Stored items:

____

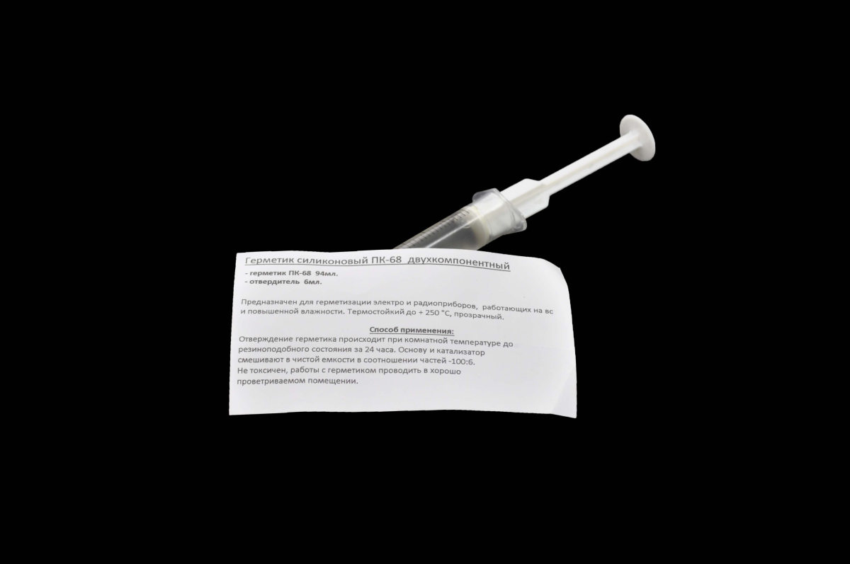 Компаунд силиконовый, прозрачный ПК-68 (двухкомпонентный) 100гр для герметизации электро- и радиоприборов, работающих в среде воздуха в условиях вибрации, повышенной влажности в температурном интервале от -60℃ до +250℃. Внешний вид: пастообразный материал, обладающий способностью при смешивании с катализатором вулканизоваться при температуре окружающей среды, переходя в резиноподобное состояние. Основу и катализатор смешивают в чистой емкости в соотношении частей -100:6. Силиконовый двухкомпонентный компаунд получен на основе низкомолекулярного диметилсилоксанового каучука. Основные характеристики: - отверждение герметика: 24 часа (при комнатной температуре);- вес продукта: 100гр;
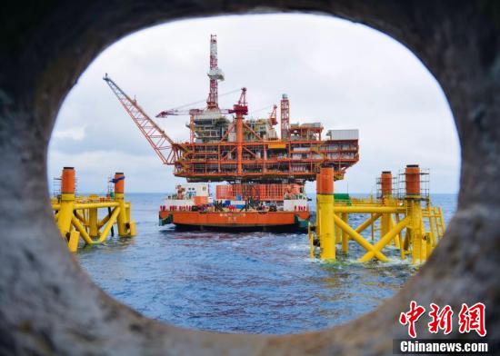 中国海油深圳分公司超1.5万吨“恩平20—4”海上钻采平台上部组块与导管架对接成功,创造了中国海上油气平台动力定位浮托安装重量的新纪录。
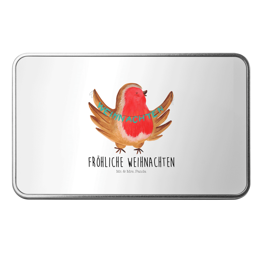 Metalldose rechteckig Rotkehlchen Weihnachten - mit Spruch - Weiß
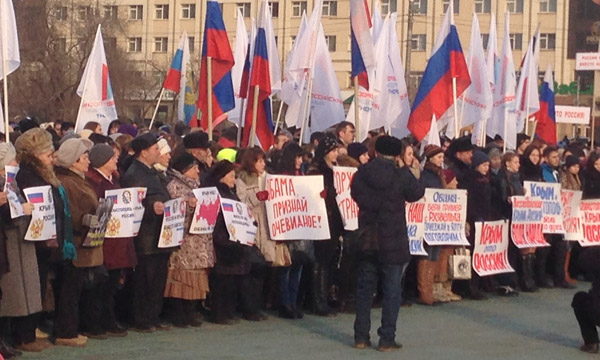 Забайкальцы, пришедшие на митинг, выразили поддержку президенту России Владимиру Путину и его действиям по защите соотечественников, а также выступили в защиту целостности и неделимости России. Так же выступающие, а это представители ветеранских и молодежных организаций, независимых профсоюзов, учителя и студенты, были едины во мнении, что возвращение Крыма в Россию стало возможным, в первую очередь, благодаря свободному волеизъявлению жителей полуострова, их желанию быть в составе РФ.
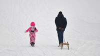 1月12日,在瑞士達沃斯,一對父女在雪坡上行走。
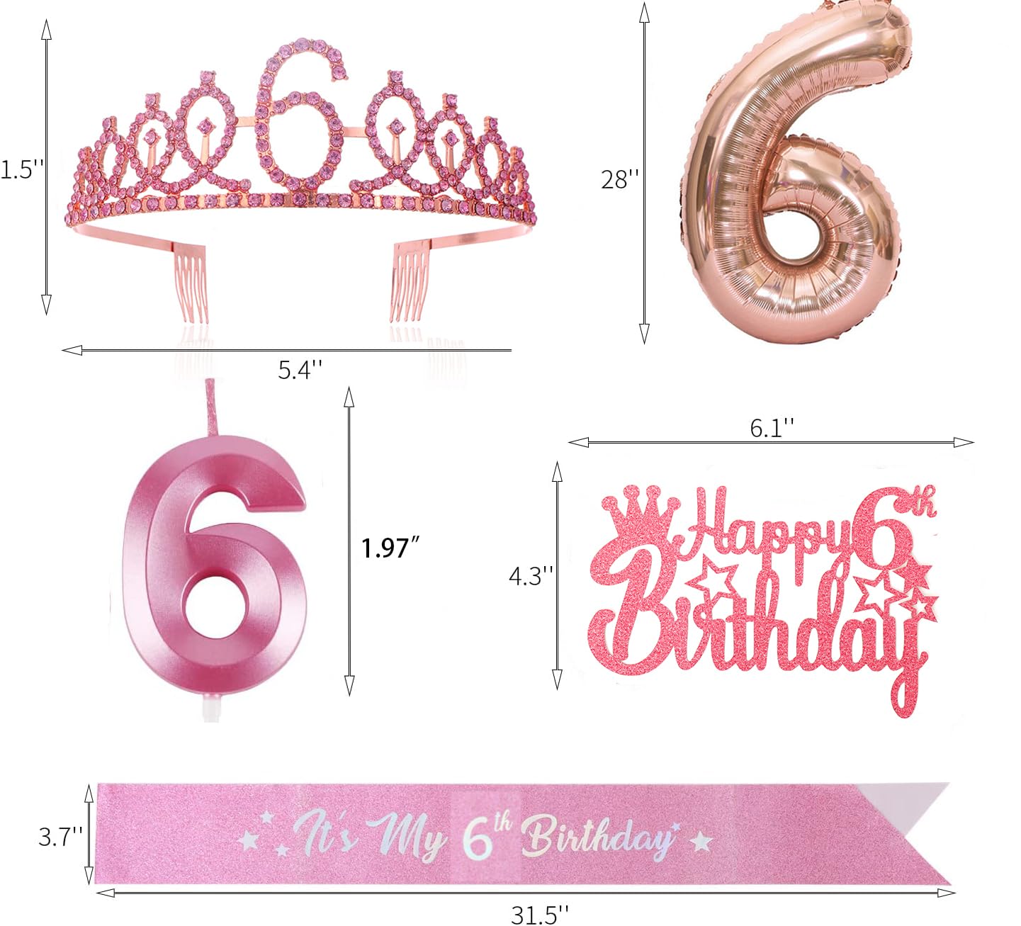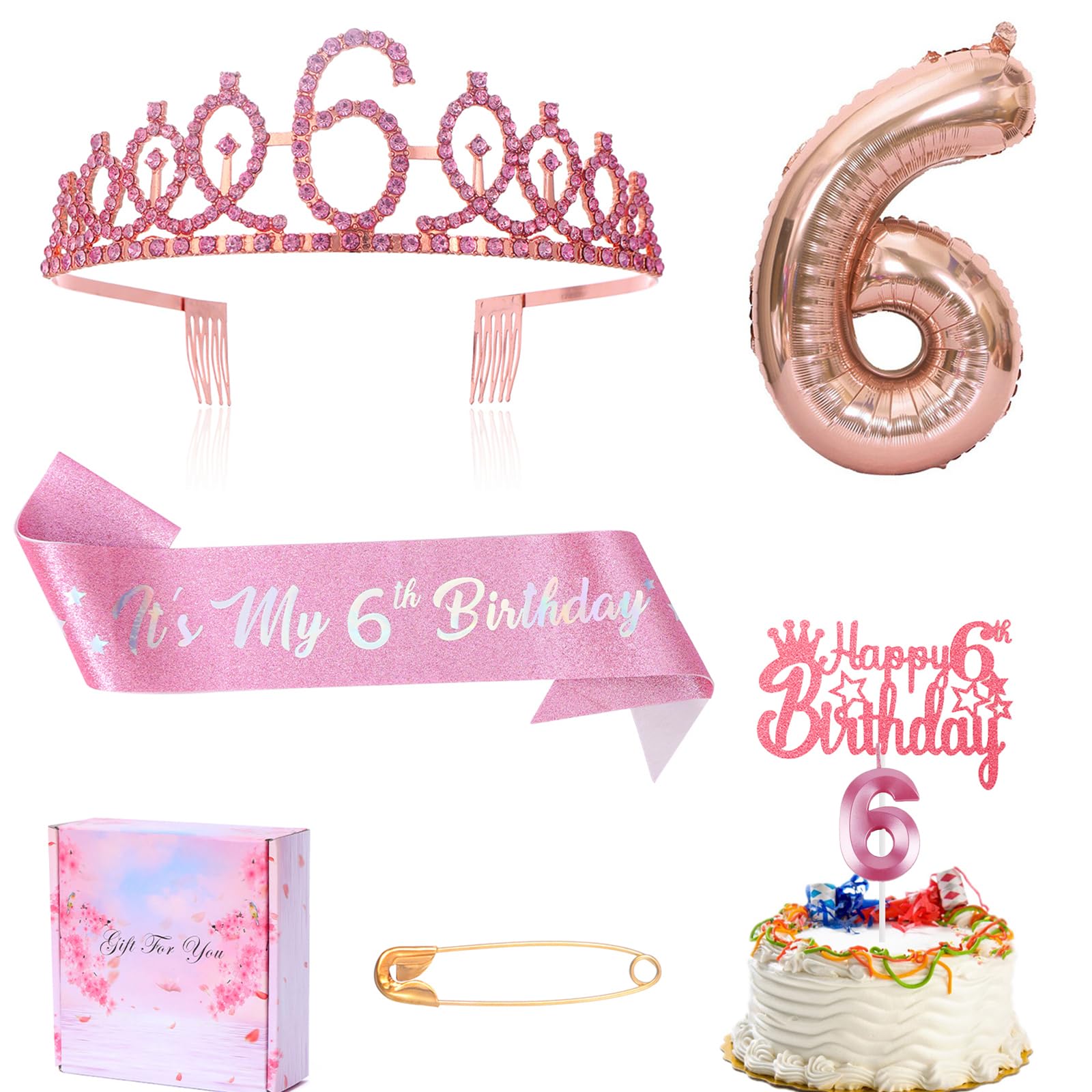【Package Include】Pink 6 Birthday Candle,Rose Gold 6 Birthday Sash, 6 Birthday Crown/Tiara, Happy 6th Birthday Cake Topper, 32inch Number 6 digital come with a pink gift box;All you needs for a girl's 6th birthday party decor are have;
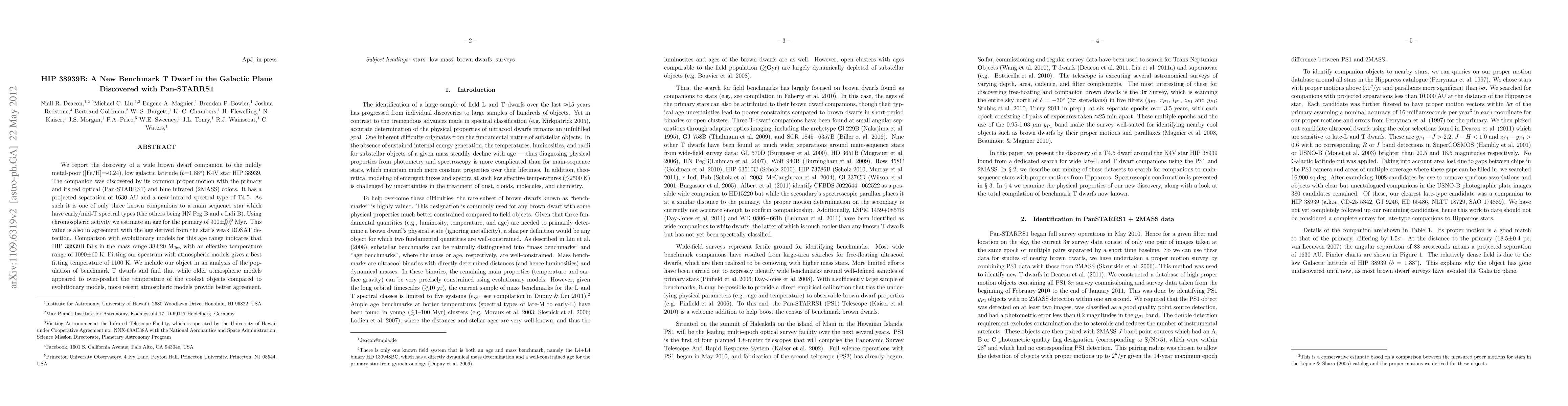 We report the discovery of a wide brown dwarf companion to the mildly metal-poor ([Fe/H]=-0.24), low galactic latitude (b = 1.88 deg) K4V star HIP 38939. The companion was discovered by its common proper motion with the primary and its red optical (Pan-STARRS1) and blue infrared (2MASS) colors. It has a projected separation of 1630 AU and a near-infrared spectral type of T4.5. As such it is one of only three known companions to a main sequence star which have early/mid-T spectral types (the others being HN Peg B and eps Indi B). Using chromospheric activity we estimate an age for the primary of 900{+1900,-600} Myr. This value is also in agreement with the age derived from the star's weak ROSAT detection. Comparison with evolutionary models for this age range indicates that HIP 38939B falls in the mass range 38+/-20 Mjup with an effective temperature range of 1090+/-60 K. Fitting our spectrum with atmospheric models gives a best fitting temperature of 1100 K. We include our object in an analysis of the population of benchmark T dwarfs and find that while older atmospheric models appeared to over-predict the temperature of the coolest objects compared to evolutionary models, more recent atmospheric models provide better agreement.
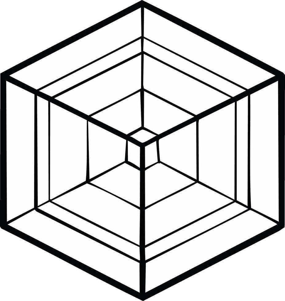 Abstract geometric wireframe of a cube creating an optical illusion of depth. Isometric hexagon line art illustration. Pro Vector
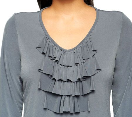 It's time to get all dolled-up! The tiered ruffle at the V-neckline makes this shirt fresh, youthful, and gloriously girly. The solid-colored Liquid Knit fabric flatters your curves and shows the world your womanly charm. From Susan Graver.
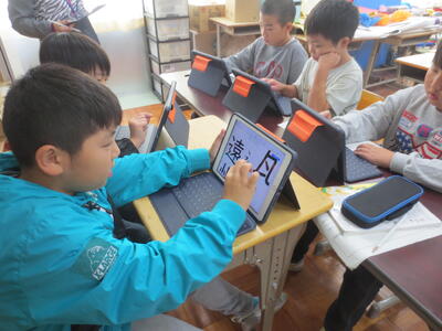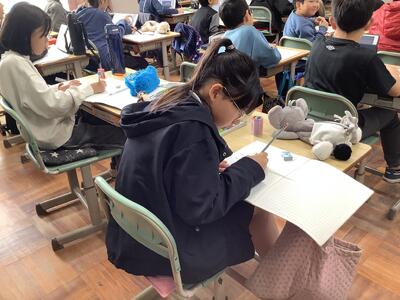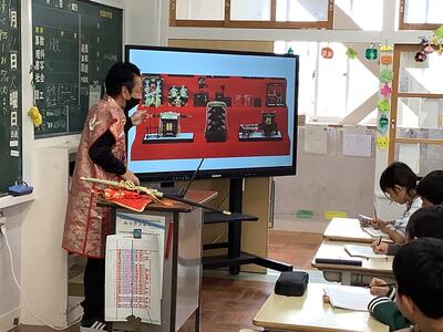 4年国語の授業の様子です。「未来につなぐ工芸品」の学習活動で、今日は、ゲストティーチャーとして用務員さんにお願いし、伝統工芸について、学びました。30年以上、人形店のお仕事をしていた経験から、雛人形や兜、鯉のぼりなど、お話を聞きました。子供たちは、真剣にメモをとったり、質問をしたりしていました。
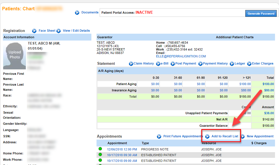 To add a patient in a "Recall List" please access the patient's chart. On the patient chart's Appointment section, click on the "Add to Recall List"

____

Copy out all the data without changing anything, and drop the pictures.

 Компаунд силиконовый, прозрачный ПК-68 (двухкомпонентный) 100гр для герметизации электро- и радиоприборов, работающих в среде воздуха в условиях вибрации, повышенной влажности в температурном интервале от -60℃ до +250℃. Внешний вид: пастообразный материал, обладающий способностью при смешивании с катализатором вулканизоваться при температуре окружающей среды, переходя в резиноподобное состояние. Основу и катализатор смешивают в чистой емкости в соотношении частей -100:6. Силиконовый двухкомпонентный компаунд получен на основе низкомолекулярного диметилсилоксанового каучука. Основные характеристики: - отверждение герметика: 24 часа (при комнатной температуре);- вес продукта: 100гр;
 中国海油深圳分公司超1.5万吨“恩平20—4”海上钻采平台上部组块与导管架对接成功,创造了中国海上油气平台动力定位浮托安装重量的新纪录。
 Metalldose rechteckig Rotkehlchen Weihnachten - mit Spruch - Weiß
 Забайкальцы, пришедшие на митинг, выразили поддержку президенту России Владимиру Путину и его действиям по защите соотечественников, а также выступили в защиту целостности и неделимости России. Так же выступающие, а это представители ветеранских и молодежных организаций, независимых профсоюзов, учителя и студенты, были едины во мнении, что возвращение Крыма в Россию стало возможным, в первую очередь, благодаря свободному волеизъявлению жителей полуострова, их желанию быть в составе РФ.
 1月12日,在瑞士達沃斯,一對父女在雪坡上行走。
【Package Include】Pink 6 Birthday Candle,Rose Gold 6 Birthday Sash, 6 Birthday Crown/Tiara, Happy 6th Birthday Cake Topper, 32inch Number 6 digital come with a pink gift box;All you needs for a girl's 6th birthday party decor are have;
 We report the discovery of a wide brown dwarf companion to the mildly metal-poor ([Fe/H]=-0.24), low galactic latitude (b = 1.88 deg) K4V star HIP 38939. The companion was discovered by its common proper motion with the primary and its red optical (Pan-STARRS1) and blue infrared (2MASS) colors. It has a projected separation of 1630 AU and a near-infrared spectral type of T4.5. As such it is one of only three known companions to a main sequence star which have early/mid-T spectral types (the others being HN Peg B and eps Indi B). Using chromospheric activity we estimate an age for the primary of 900{+1900,-600} Myr. This value is also in agreement with the age derived from the star's weak ROSAT detection. Comparison with evolutionary models for this age range indicates that HIP 38939B falls in the mass range 38+/-20 Mjup with an effective temperature range of 1090+/-60 K. Fitting our spectrum with atmospheric models gives a best fitting temperature of 1100 K. We include our object in an analysis of the population of benchmark T dwarfs and find that while older atmospheric models appeared to over-predict the temperature of the coolest objects compared to evolutionary models, more recent atmospheric models provide better agreement.
 Abstract geometric wireframe of a cube creating an optical illusion of depth. Isometric hexagon line art illustration. Pro Vector
 It's time to get all dolled-up! The tiered ruffle at the V-neckline makes this shirt fresh, youthful, and gloriously girly. The solid-colored Liquid Knit fabric flatters your curves and shows the world your womanly charm. From Susan Graver.
 4年国語の授業の様子です。「未来につなぐ工芸品」の学習活動で、今日は、ゲストティーチャーとして用務員さんにお願いし、伝統工芸について、学びました。30年以上、人形店のお仕事をしていた経験から、雛人形や兜、鯉のぼりなど、お話を聞きました。子供たちは、真剣にメモをとったり、質問をしたりしていました。
 To add a patient in a "Recall List" please access the patient's chart. On the patient chart's Appointment section, click on the "Add to Recall List"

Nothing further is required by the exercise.